Wednesday, May 27, 2020

The 90% University

A helpful starting point for me when considering universities after the pandemic is the cover story of The Economist, from two weeks ago, The 90% Economy. They were reflecting on the world economy will change in the coming years, suggesting three key characteristics.

 1. the economy will be more fragile 
 2. there will be less innovation 
 3. there will be even greater inequality 

The reason that it is called the 90% economy is because in the next few years rather than growing a few percent each year it will decrease in size by about 10%. 
Now on one level that doesn't sound too bad, but the problem is that it is not a uniform decrease across every sector, company, and individual.
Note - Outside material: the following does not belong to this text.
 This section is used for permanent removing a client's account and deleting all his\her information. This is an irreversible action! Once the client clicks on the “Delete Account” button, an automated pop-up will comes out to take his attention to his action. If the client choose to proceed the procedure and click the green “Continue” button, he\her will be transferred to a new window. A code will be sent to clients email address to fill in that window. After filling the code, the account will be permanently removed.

The changes will be quite heterogeneous. Rather, there will be significant gaps, that because of the interconnectedness of everything there will be problems. 

Just like the economy going back to ``normal'' universities will continue to have students, continue to do teaching, continue to graduate people but things, won't be quite the same, in some quite significant ways. It is not just a matter of possible 10-20 percent budget cuts.
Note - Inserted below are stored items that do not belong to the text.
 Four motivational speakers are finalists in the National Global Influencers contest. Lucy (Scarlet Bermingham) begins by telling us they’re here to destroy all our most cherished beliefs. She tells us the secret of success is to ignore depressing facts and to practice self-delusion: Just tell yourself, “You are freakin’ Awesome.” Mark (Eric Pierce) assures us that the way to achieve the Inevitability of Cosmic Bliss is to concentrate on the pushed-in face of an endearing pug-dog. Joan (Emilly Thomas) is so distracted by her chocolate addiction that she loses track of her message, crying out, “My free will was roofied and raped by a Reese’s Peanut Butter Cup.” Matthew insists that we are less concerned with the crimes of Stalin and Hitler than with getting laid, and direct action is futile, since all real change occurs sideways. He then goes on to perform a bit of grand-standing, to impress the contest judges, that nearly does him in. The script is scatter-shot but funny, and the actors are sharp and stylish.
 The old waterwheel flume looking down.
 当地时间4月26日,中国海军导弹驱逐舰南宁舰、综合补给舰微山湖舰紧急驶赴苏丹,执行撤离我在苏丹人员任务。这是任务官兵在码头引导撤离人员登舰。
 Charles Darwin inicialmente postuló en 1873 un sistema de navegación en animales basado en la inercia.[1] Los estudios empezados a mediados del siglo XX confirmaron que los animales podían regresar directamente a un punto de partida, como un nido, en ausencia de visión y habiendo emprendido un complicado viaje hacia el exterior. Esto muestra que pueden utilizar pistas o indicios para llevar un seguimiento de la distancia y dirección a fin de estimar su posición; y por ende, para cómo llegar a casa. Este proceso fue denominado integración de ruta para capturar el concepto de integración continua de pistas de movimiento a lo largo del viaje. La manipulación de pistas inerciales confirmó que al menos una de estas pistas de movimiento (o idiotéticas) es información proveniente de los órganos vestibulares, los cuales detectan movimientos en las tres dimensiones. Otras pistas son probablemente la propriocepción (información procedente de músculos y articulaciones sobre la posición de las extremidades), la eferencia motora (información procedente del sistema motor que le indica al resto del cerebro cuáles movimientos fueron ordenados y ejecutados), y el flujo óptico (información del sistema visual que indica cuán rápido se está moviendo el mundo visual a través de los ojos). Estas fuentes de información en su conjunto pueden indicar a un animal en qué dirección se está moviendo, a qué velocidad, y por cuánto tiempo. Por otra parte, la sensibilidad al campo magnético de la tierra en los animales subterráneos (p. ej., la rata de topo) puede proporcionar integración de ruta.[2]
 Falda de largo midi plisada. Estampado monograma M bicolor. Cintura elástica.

1. Universities will be more fragile

Less stability and predictability is particularly bad for universities. Key ingredients for universities to achieve their real purpose are time and stability. Significant research, teaching, and learning all require time to build up knowledge, explore different possibilities, make mistakes, and not be distracted by crises, whether personal, institutional, or societal. Economic uncertainty is just one of many dimensions to the forthcoming fragility.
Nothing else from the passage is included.